"Your wrists aren't limp enough, sweetheart," she said.
I looked at my hands dangling off the ends of my arms and wondered what she was talking about. Was there a double-entendre going on here?
"And they need to be palm down when they're descending," she went on.
I was at my second week of Tai Chi and the class was just getting started. I had missed the first week due to an oncologist appointment and would be missing every third class for the same reason. I had thought I could catch up, but the moves are proving to be complicated with many elements that had to be performed precisely so that they flowed into the next move.
I turned my hands around and my wrists then became satisfactorily limp. I looked across the room at the only other two men in the class and was reassured.

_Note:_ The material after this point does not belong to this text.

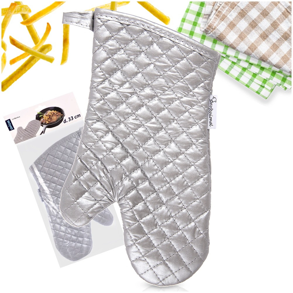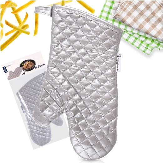 Praktyczna rękawica kuchenna w uniwersalnym rozmiarze chroni Twoje dłonie podczas manipulowania gorącymi naczyniami aż do 250 °C. Dzięki wielowarstwowej izolacji, srebrnemu wykończeniu ochronnemu oraz przeszyciom antypoślizgowym jest lekka, wytrzymała i wygodna do codziennego gotowania, pieczenia i grillowania.

"Now into Left Grasp Bird's Tail," the instructor went on.
The class pivoted and stretched and turned, held an imaginary ball, felt their pulse, turned, stepped, reached out their right arm and made a birds head with their hand.
"No no sweetheart, look at your feet. You're going to injure yourself that way."
I looked down at my feet and looked at the feet of the woman next to me. To me they seemed to be in the same position.
Then I realized that "sweetheart", this time, meant someone else on the other side of the room. I felt betrayed. So, I wasn't her only "sweetheart"!
Despite all of the above, the class was actually going better for me this week. The previous week I was still in the midst of chemo side effects: the bottoms of my feet were numb, my joints were aching, my legs were weak to the point of trembling, the tips of my fingers felt like someone was shoving them into a pin cushion and I generally felt unsettled and agitated. I was also a week behind everyone else and was stumbling along hoping to catch up.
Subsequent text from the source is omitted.